For my final project, I initially thought I would try to analyze how Wallace’s writing had changed over time, if, as he matured as a writer, he honed or refined his voice as he grew tired of his repeated gimmicks. I was interested in whether or not his frustrations with his writing were evident in his later works, and had a vague idea that I might connect his patterns of writing with larger themes involving his frustrations as a writer and eventual suicide.
I was intrigued by the text analysis tools we were shown in class, particularly “Voyant.” When David Hoover visited, I was captivated by his experience trying to determine if the character of Sherlock Holmes had a recognizable voice. I was also taken in by the way Professor Hoover methodically approached and compared texts with particular questions in mind, and how careful he was to avoid forcing the results of text analysis to match his hypothesis. Being able to talk more concretely about a writer’s style or voice, which is sometimes intangible and uncertain, is an exciting application of the Digital Humanities.
Voice is the aspect of fiction that has always drawn me in to a particular author, and Wallace’s unique voice in particular is what piqued my interest in literature; previously, I spent my leisure reading on mysteries and thrillers. It was a fateful day in my sophomore year undergraduate Journalism class when my professor displayed the following quotation during a lecture on creative nonfiction:

“The truth is you already know what it’s like. You already know the difference between the size and speed of everything that flashes through you and the tiny inadequate bit of it all you can ever let anyone know. As though inside you is this enormous room full of what seems like everything in the whole universe at one time or another and yet the only parts that get out have to somehow squeeze out through one of those tiny keyholes you see under the knob in older doors. As if we are all trying to see each other through these tiny keyholes.

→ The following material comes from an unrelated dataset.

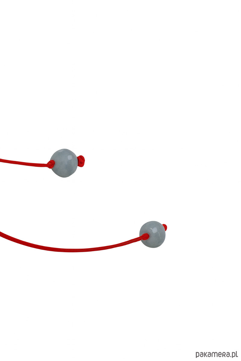 Złote, drobne elementy pięknie przełamują chłodną kolorystykę kamieni i kontrastują z czerwonym sznurkiem.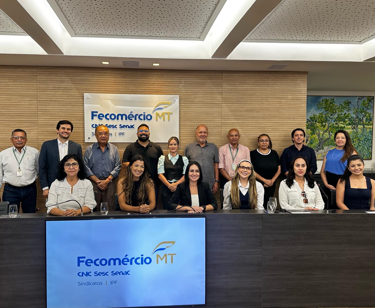 A imagem mostra representantes do setor de eventos, autoridades municipais e entidades reunidos no auditório da Fecomércio-MT durante a reunião.

I was also influenced by Jane Excel’s analysis of the Nancy Drew series, and was fascinated by the idea that you could observe changes in authorship or a book’s context by observing changes in language pattern over a fixed period of time.
During the visualization portion of our class, I discovered “The Largest Vocabulary in Hip Hop,” a visualization analyzing a rapper’s number of unique vocabulary words across a fixed number of lyrics, alongside a comparison to Shakespeare’s corpus of the same number of words.
I thought this was such an interesting and creative use of a digital humanities technique, and given that my favorite author has such an interesting, unique deployment of vocabulary and phrases, I thought I might apply the same kind of technique across the David Foster Wallace corpus to see how his vocabulary or preferred phrases might change over time.
Professor David Hoover encouraged me to begin the project in this fashion, without a thesis, to see if I found anything interesting on which I might comment. A thesis, he said, might arise naturally from a few discovered patterns.
I began converting as many David Foster Wallace texts I could find into plain text documents. Much of his work is copyright protected, and his entire body of work is massive. His Magnum Opus, Infinite Jest, is 1,079 pages. Right away, I knew that without including such large, essential portions of his work any conclusions I drew about Wallace’s writing would come with several large caveats.
I found around fifteen easily accessible works and organized them chronologically. I immediately encountered another difficulty: an author’s voice in fiction is usually very different from his or her voice or style in nonfiction. This was especially true for David Foster Wallace, who in his fiction conjured up various strange characters, corresponding voices, and varying styles from fiction work to fiction work. I decided I would focus exclusively on his nonfiction, narrowing the scope quite a bit, to ten works of varying lengths.

The second difficulty with this analysis was realizing that ten short works of nonfiction is not a very large set to be working with in the context of an author’s total output. No work was uniform in length. In addition, given that the author was active for a relatively short amount of time, I did not feel that I could make any large, sweeping conclusions about how Wallace’s voice or stylistic choices changed; the time period in question was narrow, and Wallace actively worked on several pieces of writing simultaneously, meaning that any found patterns would not necessarily be indicative of change over time. Lastly, Wallace’s work was often submitted to journals and periodicals, such as the New Yorker and The Atlantic, and the editor’s touch would affect pieces differently than works that had been written and edited by the author alone.
Even with these difficulties in mind, time was running out and I decided to proceed with my analysis of Wallace’s body of work. I uploaded the ten pieces of nonfiction into Voyant. I was interested in the prevalence of Ngrams, sequences of two, three, and four words. I assumed that Wallace’s verbal tics would form Ngrams, and that I could track these Ngrams over the course of his work. I sorted these Ngrams in order of the most frequently used, and found phrases such as the following: “and then,” “into the,” “a good,” “are not,” “most of the,” “or the,” “and its.” This told me nothing. Unfortunately, Voyant’s Ngram analysis revealed no discernable patterns at all.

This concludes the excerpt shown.